TASK INSTRUCTIONS:
Below are entries; copy exactly the lines from the one with "This DTC is" through the one with "9月24日,中國(guó)船", both included, and leave out the rest.

PROVIDED DATA:
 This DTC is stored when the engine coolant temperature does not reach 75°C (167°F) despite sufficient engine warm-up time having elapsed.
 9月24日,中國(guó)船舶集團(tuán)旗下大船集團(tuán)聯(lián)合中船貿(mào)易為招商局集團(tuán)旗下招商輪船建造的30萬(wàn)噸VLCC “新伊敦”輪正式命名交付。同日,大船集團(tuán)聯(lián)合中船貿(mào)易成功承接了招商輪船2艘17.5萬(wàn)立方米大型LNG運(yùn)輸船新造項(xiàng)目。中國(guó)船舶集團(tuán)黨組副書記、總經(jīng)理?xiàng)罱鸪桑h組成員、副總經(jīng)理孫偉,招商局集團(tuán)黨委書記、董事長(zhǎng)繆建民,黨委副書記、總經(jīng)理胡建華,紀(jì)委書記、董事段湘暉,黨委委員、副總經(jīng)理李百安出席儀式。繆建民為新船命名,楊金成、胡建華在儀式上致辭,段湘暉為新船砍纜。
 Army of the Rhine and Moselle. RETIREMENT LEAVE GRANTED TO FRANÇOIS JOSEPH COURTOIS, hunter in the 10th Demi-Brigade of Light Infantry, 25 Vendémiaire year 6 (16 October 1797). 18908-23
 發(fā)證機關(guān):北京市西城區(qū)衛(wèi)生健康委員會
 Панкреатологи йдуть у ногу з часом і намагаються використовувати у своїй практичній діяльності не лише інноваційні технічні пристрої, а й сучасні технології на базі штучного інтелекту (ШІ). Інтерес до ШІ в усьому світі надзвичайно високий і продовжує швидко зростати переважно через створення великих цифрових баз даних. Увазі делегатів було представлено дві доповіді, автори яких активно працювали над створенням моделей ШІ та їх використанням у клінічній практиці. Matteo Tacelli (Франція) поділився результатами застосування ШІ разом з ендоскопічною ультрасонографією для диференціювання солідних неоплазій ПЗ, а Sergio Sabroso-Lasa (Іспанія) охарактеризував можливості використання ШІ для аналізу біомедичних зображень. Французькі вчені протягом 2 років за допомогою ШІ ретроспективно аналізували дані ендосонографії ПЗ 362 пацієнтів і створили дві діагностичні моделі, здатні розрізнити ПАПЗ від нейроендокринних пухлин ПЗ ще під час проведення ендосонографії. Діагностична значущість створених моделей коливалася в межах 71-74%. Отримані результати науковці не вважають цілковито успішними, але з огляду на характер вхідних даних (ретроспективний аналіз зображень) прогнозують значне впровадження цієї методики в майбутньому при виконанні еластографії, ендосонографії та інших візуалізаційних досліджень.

...

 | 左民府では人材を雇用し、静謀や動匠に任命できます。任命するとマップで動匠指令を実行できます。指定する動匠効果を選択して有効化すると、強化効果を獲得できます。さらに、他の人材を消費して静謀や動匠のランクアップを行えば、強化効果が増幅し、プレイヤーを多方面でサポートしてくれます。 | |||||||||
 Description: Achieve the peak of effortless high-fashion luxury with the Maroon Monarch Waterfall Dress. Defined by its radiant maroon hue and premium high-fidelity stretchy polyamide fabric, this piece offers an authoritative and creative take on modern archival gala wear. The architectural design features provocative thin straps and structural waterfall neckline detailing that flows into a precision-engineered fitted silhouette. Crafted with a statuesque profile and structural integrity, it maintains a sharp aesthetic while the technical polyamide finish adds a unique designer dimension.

RESPONSE AREA:
 This DTC is stored when the engine coolant temperature does not reach 75°C (167°F) despite sufficient engine warm-up time having elapsed.
 9月24日,中國(guó)船舶集團(tuán)旗下大船集團(tuán)聯(lián)合中船貿(mào)易為招商局集團(tuán)旗下招商輪船建造的30萬(wàn)噸VLCC “新伊敦”輪正式命名交付。同日,大船集團(tuán)聯(lián)合中船貿(mào)易成功承接了招商輪船2艘17.5萬(wàn)立方米大型LNG運(yùn)輸船新造項(xiàng)目。中國(guó)船舶集團(tuán)黨組副書記、總經(jīng)理?xiàng)罱鸪桑h組成員、副總經(jīng)理孫偉,招商局集團(tuán)黨委書記、董事長(zhǎng)繆建民,黨委副書記、總經(jīng)理胡建華,紀(jì)委書記、董事段湘暉,黨委委員、副總經(jīng)理李百安出席儀式。繆建民為新船命名,楊金成、胡建華在儀式上致辭,段湘暉為新船砍纜。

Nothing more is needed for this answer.